(Stored items)

━━━━━━━━━━━━━━━━━━━━━━━━━━━━━━

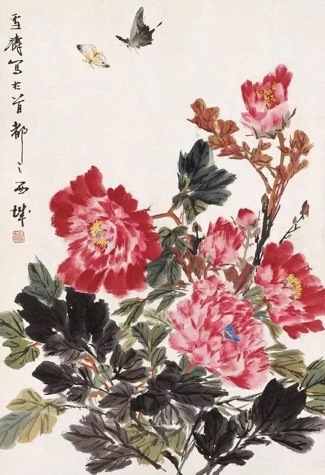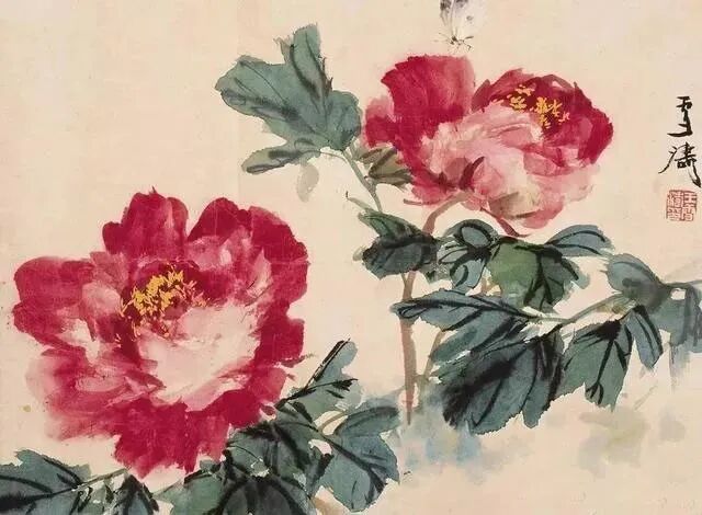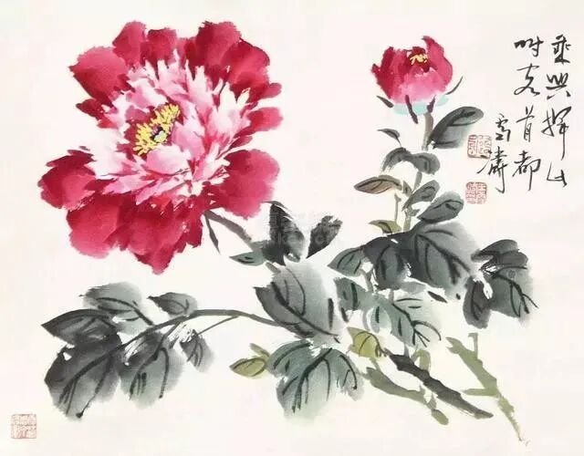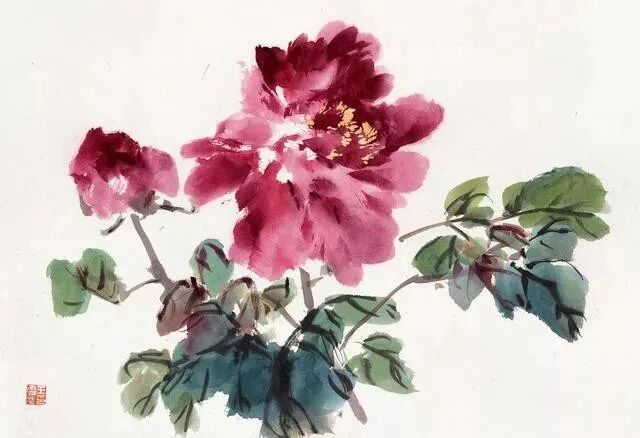 如果想追求丰富多变的花瓣形象,就必须在用色时中锋、侧锋,逆锋,拖笔等多种笔法并用,单一的点法,必然显得花瓣雷同。画红牡丹花,一旦配以绿叶,对比太强烈了,就使人感到俗气。为了使画面稳定而脱俗,就应该用水墨画叶子,压住火爆局面,取得视觉上色彩平衡。这样才能够“艳而不俗”。
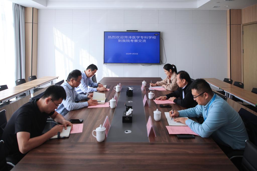 10月25日上午,菏泽医学专科学校党委委员、副校长齐云飞一行3人到我院考察交流。天行体育官方网站党委委员、副院长贺志强会见客人,招生就业处和科技处负责同志陪同参加座谈交流。
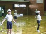 ちっちゃな1年生からおっきな6年生までが混ざって並んで跳ぶので、これはなかなか長く続けることができませんでした。それでも、低学年の児童も必死になって跳んでいました。ひっかかってしまう低学年の児童にも、みんなの温かい励ましの言葉がかけられていました。
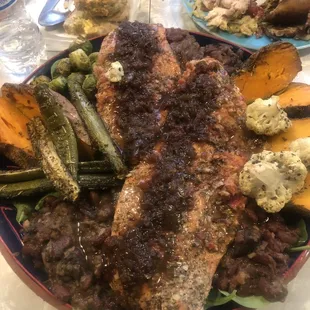 a platter of meat and vegetables
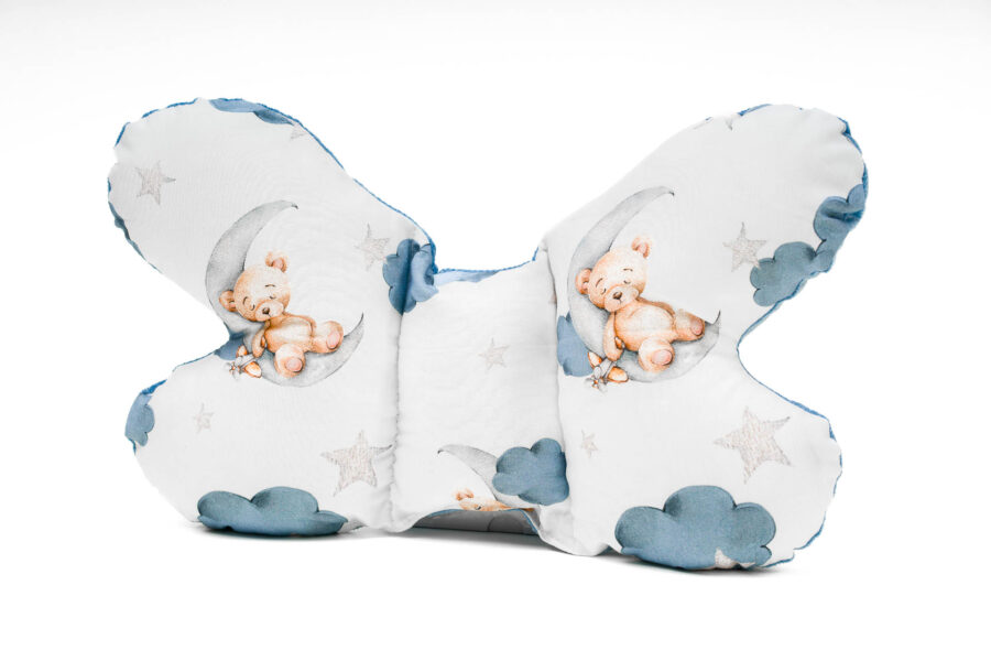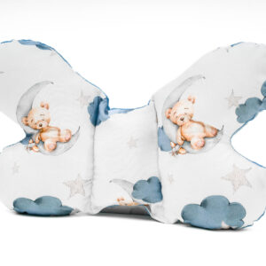 Antywstrząsowa poduszka, która swoją nazwę zawdzięcza nietypowemu kształtowi.Wykonana z myślą o komforcie i bezpieczeństwie dziecka podczas podróży w wózku czy foteliku – specjalne wyprofilowanie zapobiega mikrowstrząsom podczas jazdy.Sprawdza się idealnie już od pierwszych dni życia maleństwa. Wypełniona jest ona niezwykle miękką, sprężystą, atestowaną, antyalergiczną silikonową włókniną.

━━━━━━━━━━━━━━━━━━━━━━━━━━━━━━

▸ **WHAT IS NEEDED**
Leave out the pictures and repeat exactly the lines from the first line of the data through the line containing "10月25日上午,菏泽医学专". Add nothing else.

▸ **WRITTEN SOLUTION**
 如果想追求丰富多变的花瓣形象,就必须在用色时中锋、侧锋,逆锋,拖笔等多种笔法并用,单一的点法,必然显得花瓣雷同。画红牡丹花,一旦配以绿叶,对比太强烈了,就使人感到俗气。为了使画面稳定而脱俗,就应该用水墨画叶子,压住火爆局面,取得视觉上色彩平衡。这样才能够“艳而不俗”。
 10月25日上午,菏泽医学专科学校党委委员、副校长齐云飞一行3人到我院考察交流。天行体育官方网站党委委员、副院长贺志强会见客人,招生就业处和科技处负责同志陪同参加座谈交流。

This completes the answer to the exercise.